=== WHAT YOU NEED TO DO ===
Only the text should come through, so restate the listing exactly and drop its images.

=== GIVEN DATA ===
■ ■ ■ ■ ■ ■ ■
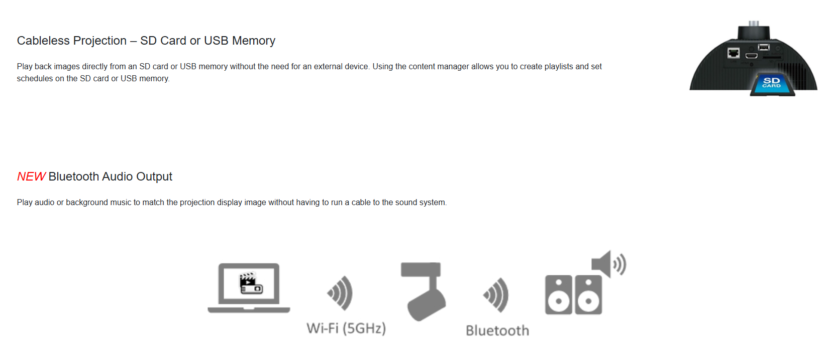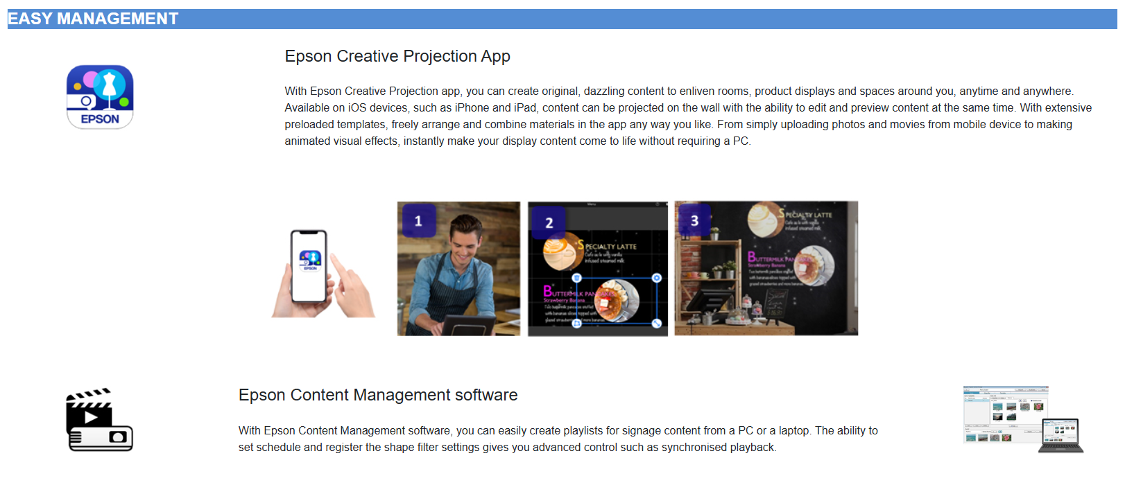 • DIY content creation – comes with templates, effects, colour filters and customisable options; playlist and playback function allow for seamless content management for single or multiple projectors
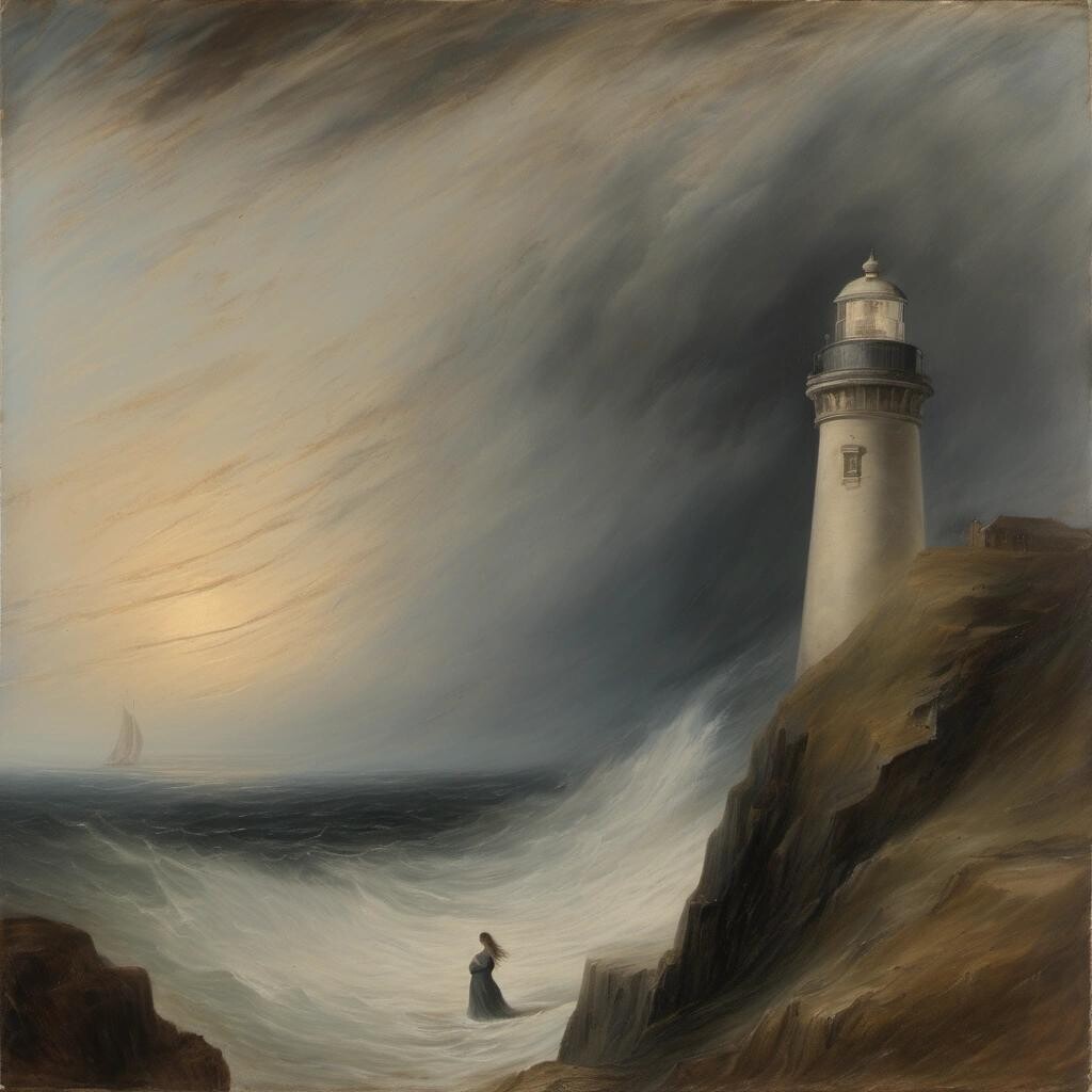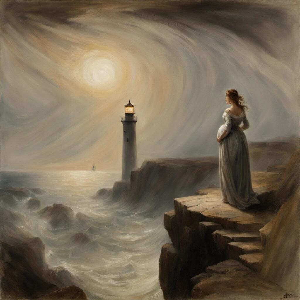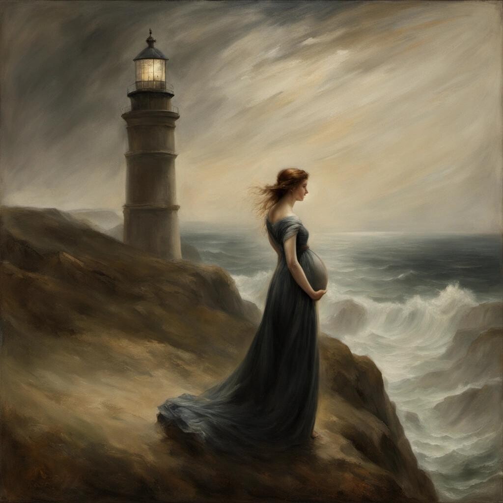 Prompt: long shot over the shoulder of a pregnant woman standing on the cliffs overlooking the ocean, hair blowing in the wind, somber dark color palette, oil painting by JMW Turner, highly detailed, lighthouse far in the distance in the background
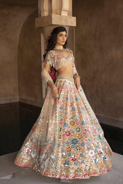 Multicoloured floral pattern lehenga WORK-Skirt - mirror, resham , moti, sequence. Blouse - fringes, mirror, resham & sequence work Dupatta - fringes, mirror, resham & sequence work DELIVERY TIMELINE -Delivery...
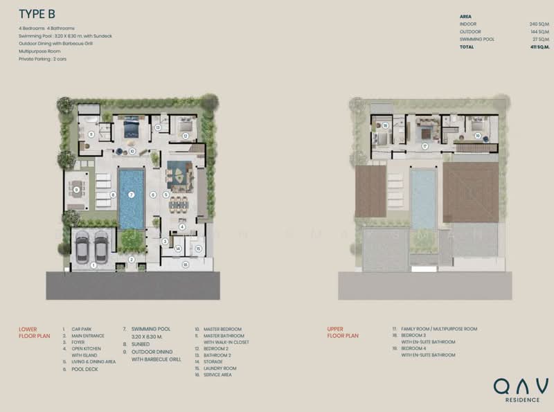 ควาฟ เรสซิเดนซ์ (QAV Residence) โครงการบ้านเดี่ยว 2 ชั้นสไตล์พูลวิลล่าพร้อมสระว่ายน้ำส่วนตัวทุกยูนิต บนทำเลที่แวดล้อมไปด้วยผืนป่าธรรมชาติ ใกล้กับสนามบินภูเก็ตเพียง 14.2 กิโลเมตร และไม่ไกลจากแหล่งอำนวยความสะดวก เป็นผลงานการพัฒนาโครงการจากบริษัท ฮอลบรู๊ค เอเชีย จำกัด โครงการนี้มีเนื้อที่ทั้งหมด 16 ไร่ 88 ตารางวา จำนวน 35 ยูนิต มีพื้นที่ใช้สอยตั้งแต่ 110.46-797.68 ตารางเมตร ขนาด 3-5 ห้องนอน 4-5 ห้องน้ำ คาดว่าจะแล้วเสร็จทั้งโครงการในปี 2568 และมีลักษณะการถือครองแบบขายขาด พร้อมสิ่งอำนวยความสะดวก เช่น คลับเฮ้าส์, ห้องออกกำลังกาย, สนามเทนนิส และระบบรักษาความปลอดภัยได้มาตรฐาน โครงการตั้งอยู่ภายในซอยป่าสัก 8 อำเภอถลาง ใกล้กับแหล่งอำนวยความสะดวกและสถานที่สำคัญในระยะทางไม่เกิน 20 กิโลเมตรจากโครงการ เช่น บลูทรีภูเก็ต, หาดบางเทา, โลตัส ถลาง, แม็คโคร ถลาง, มหาวิทยาลัยราชภัฏภูเก็ต และโรงพยาบาลถลาง เป็นต้น นอกจากนี้ผู้อยู่อาศัยยังสามารถเลือกเดินทางเข้า-ออกโครงการได้จาก 4 เส้นทางหลักด้วยกัน คือ ถนนบ้านดอน-เชิงทะเล ห่างจากโครงการประมาณ 1 กิโลเมตร, ถนนดอนจอมเฒ่า ห่างจากโครงการประมาณ 1.4 กิโลเมตร, ถนนศรีสุนทร ห่างจากโครงการประมาณ 2 กิโลเมตร และถนนเทพกระษัตรี ห่างจากโครงการประมาณ 4.4 กิโลเมตร โดยถนนเทพกระษัตรี คือถนนหลักของพื้นที่นี้ ใช้สำหรับเดินทางเชื่อมต่อไปสู่จังหวัดใกล้เคียงได้ หรือจะใช้เป็นเส้นทางเชื่อมต่อเพื่อเข้าสู่กรุงเทพมหานครก็ได้เช่นกัน ควาฟ เรสซิเดนซ์ (QAV Residence) เป็นโครงการบ้านเดี่ยวที่ออกแบบสไตล์พูลวิลล่า มีสระว่ายน้ำส่วนตัวทุกยูนิต เพื่อความสุขแบบเป็นส่วนตัวในทุกช่วงเวลา โดยบรรยากาศโดยรอบโครงการอุดมสมบูรณ์ไปด้วยผืนป่าสีเขียว สร้างความสงบและความรู้สึกผ่อนคลายในอารมณ์ ตัวบ้านภายนอกออกแบบด้วยสไตล์โมเดิร์น เรียบง่ายแต่ทันสมัย โดยตัวบ้านมีลักษณะคล้ายตัว L โดยบริเวณช่องว่างของตัว L จะเป็นโซนสระว่ายน้ำส่วนตัว ที่ออกแบบให้มีศาลาพักผ่อนริมสระ พร้อมทางเดินเชื่อมต่อไปสู่พื้นที่อาบน้ำล้างตัวกลางแจ้งภายในส่วนหย่อมส่วนตัว ที่ออกแบบพุ่มไม้ทรงสูงเอาไว้ให้สำหรับใช้บังสายตา ส่วนตัวบ้านเลือกใช้ผนังกระจกใสแบบเต็มบาน เพื่อการรับแสงธรรมชาติและวิวทิวทัศน์อันสวยงามได้จากทุกมุมโปรดของบ้าน ภายในตัวบ้านโดดเด่นด้วยห้องรับแขกที่มีความสูงเพดาน 4.5 เมตร โปร่งสบายพร้อมตกแต่งด้วยไม้สักสีน้ำตาลทองสวยงาม อีกทั้งยังเปิดพื้นที่เชื่อมต่อไปสู่พื้นที่รับประทานอาหาร ที่มีประตูกระจกสามารถเปิดออกไปสู่สระว่ายน้ำได้ ช่วยให้ทุกกิจกรรมต่อเนื
■ ■ ■ ■ ■ ■ ■
=== EXERCISE RESPONSE ===
 • DIY content creation – comes with templates, effects, colour filters and customisable options; playlist and playback function allow for seamless content management for single or multiple projectors
 Prompt: long shot over the shoulder of a pregnant woman standing on the cliffs overlooking the ocean, hair blowing in the wind, somber dark color palette, oil painting by JMW Turner, highly detailed, lighthouse far in the distance in the background
 Multicoloured floral pattern lehenga WORK-Skirt - mirror, resham , moti, sequence. Blouse - fringes, mirror, resham & sequence work Dupatta - fringes, mirror, resham & sequence work DELIVERY TIMELINE -Delivery...
 ควาฟ เรสซิเดนซ์ (QAV Residence) โครงการบ้านเดี่ยว 2 ชั้นสไตล์พูลวิลล่าพร้อมสระว่ายน้ำส่วนตัวทุกยูนิต บนทำเลที่แวดล้อมไปด้วยผืนป่าธรรมชาติ ใกล้กับสนามบินภูเก็ตเพียง 14.2 กิโลเมตร และไม่ไกลจากแหล่งอำนวยความสะดวก เป็นผลงานการพัฒนาโครงการจากบริษัท ฮอลบรู๊ค เอเชีย จำกัด โครงการนี้มีเนื้อที่ทั้งหมด 16 ไร่ 88 ตารางวา จำนวน 35 ยูนิต มีพื้นที่ใช้สอยตั้งแต่ 110.46-797.68 ตารางเมตร ขนาด 3-5 ห้องนอน 4-5 ห้องน้ำ คาดว่าจะแล้วเสร็จทั้งโครงการในปี 2568 และมีลักษณะการถือครองแบบขายขาด พร้อมสิ่งอำนวยความสะดวก เช่น คลับเฮ้าส์, ห้องออกกำลังกาย, สนามเทนนิส และระบบรักษาความปลอดภัยได้มาตรฐาน โครงการตั้งอยู่ภายในซอยป่าสัก 8 อำเภอถลาง ใกล้กับแหล่งอำนวยความสะดวกและสถานที่สำคัญในระยะทางไม่เกิน 20 กิโลเมตรจากโครงการ เช่น บลูทรีภูเก็ต, หาดบางเทา, โลตัส ถลาง, แม็คโคร ถลาง, มหาวิทยาลัยราชภัฏภูเก็ต และโรงพยาบาลถลาง เป็นต้น นอกจากนี้ผู้อยู่อาศัยยังสามารถเลือกเดินทางเข้า-ออกโครงการได้จาก 4 เส้นทางหลักด้วยกัน คือ ถนนบ้านดอน-เชิงทะเล ห่างจากโครงการประมาณ 1 กิโลเมตร, ถนนดอนจอมเฒ่า ห่างจากโครงการประมาณ 1.4 กิโลเมตร, ถนนศรีสุนทร ห่างจากโครงการประมาณ 2 กิโลเมตร และถนนเทพกระษัตรี ห่างจากโครงการประมาณ 4.4 กิโลเมตร โดยถนนเทพกระษัตรี คือถนนหลักของพื้นที่นี้ ใช้สำหรับเดินทางเชื่อมต่อไปสู่จังหวัดใกล้เคียงได้ หรือจะใช้เป็นเส้นทางเชื่อมต่อเพื่อเข้าสู่กรุงเทพมหานครก็ได้เช่นกัน ควาฟ เรสซิเดนซ์ (QAV Residence) เป็นโครงการบ้านเดี่ยวที่ออกแบบสไตล์พูลวิลล่า มีสระว่ายน้ำส่วนตัวทุกยูนิต เพื่อความสุขแบบเป็นส่วนตัวในทุกช่วงเวลา โดยบรรยากาศโดยรอบโครงการอุดมสมบูรณ์ไปด้วยผืนป่าสีเขียว สร้างความสงบและความรู้สึกผ่อนคลายในอารมณ์ ตัวบ้านภายนอกออกแบบด้วยสไตล์โมเดิร์น เรียบง่ายแต่ทันสมัย โดยตัวบ้านมีลักษณะคล้ายตัว L โดยบริเวณช่องว่างของตัว L จะเป็นโซนสระว่ายน้ำส่วนตัว ที่ออกแบบให้มีศาลาพักผ่อนริมสระ พร้อมทางเดินเชื่อมต่อไปสู่พื้นที่อาบน้ำล้างตัวกลางแจ้งภายในส่วนหย่อมส่วนตัว ที่ออกแบบพุ่มไม้ทรงสูงเอาไว้ให้สำหรับใช้บังสายตา ส่วนตัวบ้านเลือกใช้ผนังกระจกใสแบบเต็มบาน เพื่อการรับแสงธรรมชาติและวิวทิวทัศน์อันสวยงามได้จากทุกมุมโปรดของบ้าน ภายในตัวบ้านโดดเด่นด้วยห้องรับแขกที่มีความสูงเพดาน 4.5 เมตร โปร่งสบายพร้อมตกแต่งด้วยไม้สักสีน้ำตาลทองสวยงาม อีกทั้งยังเปิดพื้นที่เชื่อมต่อไปสู่พื้นที่รับประทานอาหาร ที่มีประตูกระจกสามารถเปิดออกไปสู่สระว่ายน้ำได้ ช่วยให้ทุกกิจกรรมต่อเนื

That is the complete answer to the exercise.